A suspension bridge can be modeled by the quadratic function $\text{\hspace{0.17em}}h\left(x\right)=.0001{x}^{2}\text{\hspace{0.17em}}$ with $\text{\hspace{0.17em}}-2000\le x\le 2000\text{\hspace{0.17em}}$ where $\text{\hspace{0.17em}}|x|\text{\hspace{0.17em}}$ is the number of feet from the center and $\text{\hspace{0.17em}}h\left(x\right)\text{\hspace{0.17em}}$ is height in feet. Use the TRACE feature of your calculator to estimate how far from the center does the bridge have a height of 100 feet.

## Extensions

For the following exercises, use the vertex of the graph of the quadratic function and the direction the graph opens to find the domain and range of the function.

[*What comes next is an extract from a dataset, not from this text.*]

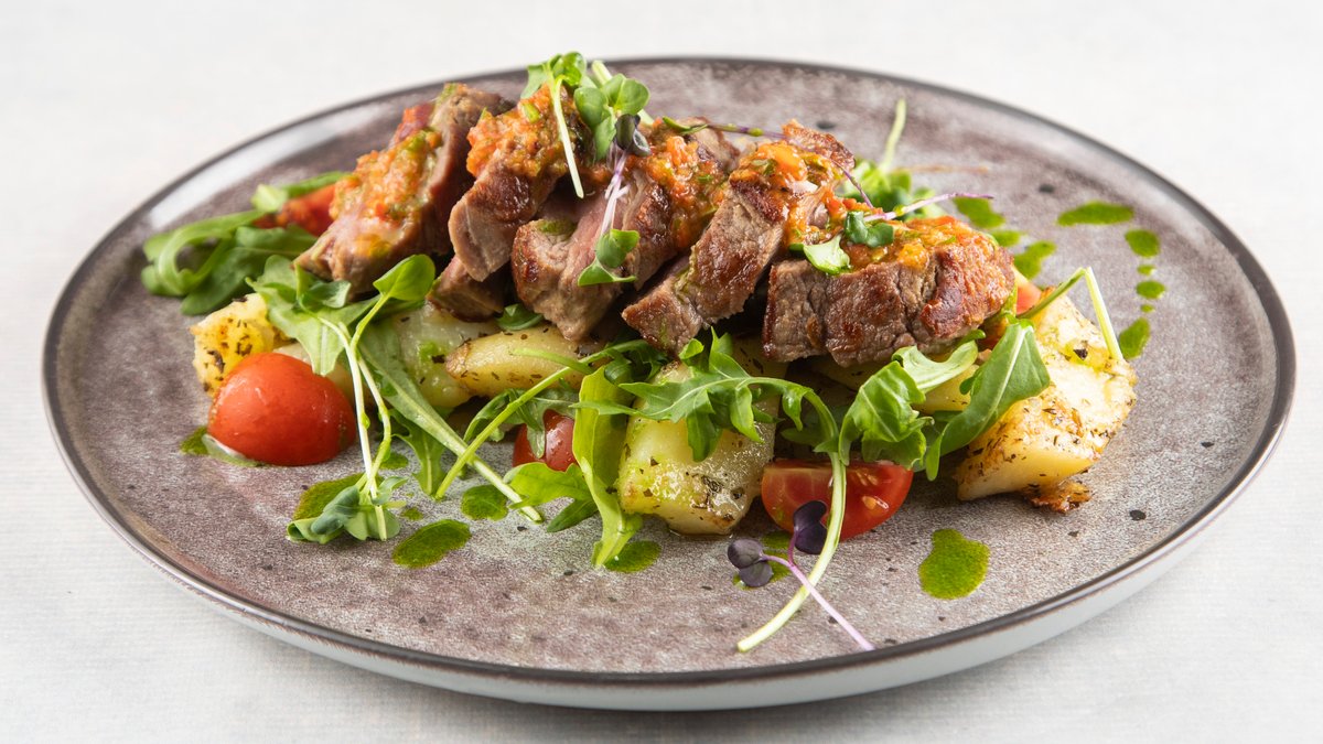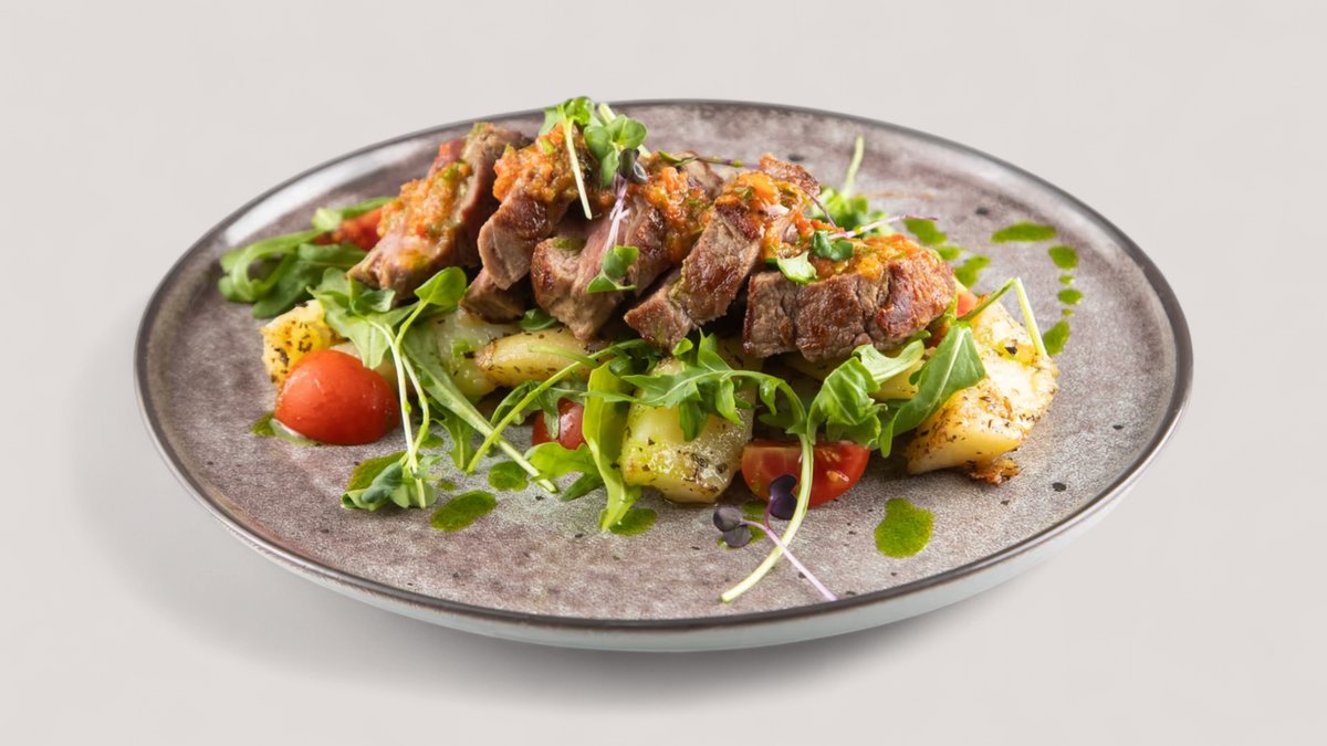 Biftek, krompir, chimichuri, rukola, cherry P:64g , Uh: 39g, M:21g , 601 kCal

Vertex $\text{\hspace{0.17em}}\left(1,-2\right),\text{\hspace{0.17em}}$ opens up.

Domain is $\text{\hspace{0.17em}}\left(-\infty ,\infty \right).\text{\hspace{0.17em}}$ Range is $\text{\hspace{0.17em}}\left[-2,\infty \right).$

Vertex $\text{\hspace{0.17em}}\left(-1,2\right)\text{\hspace{0.17em}}$ opens down.

Vertex $\text{\hspace{0.17em}}\left(-5,11\right),\text{\hspace{0.17em}}$ opens down.

Domain is $\text{\hspace{0.17em}}\left(-\infty ,\infty \right)\text{\hspace{0.17em}}$ Range is $\text{\hspace{0.17em}}\left(-\infty ,11\right].$

Vertex $\text{\hspace{0.17em}}\left(-100,100\right),\text{\hspace{0.17em}}$ opens up.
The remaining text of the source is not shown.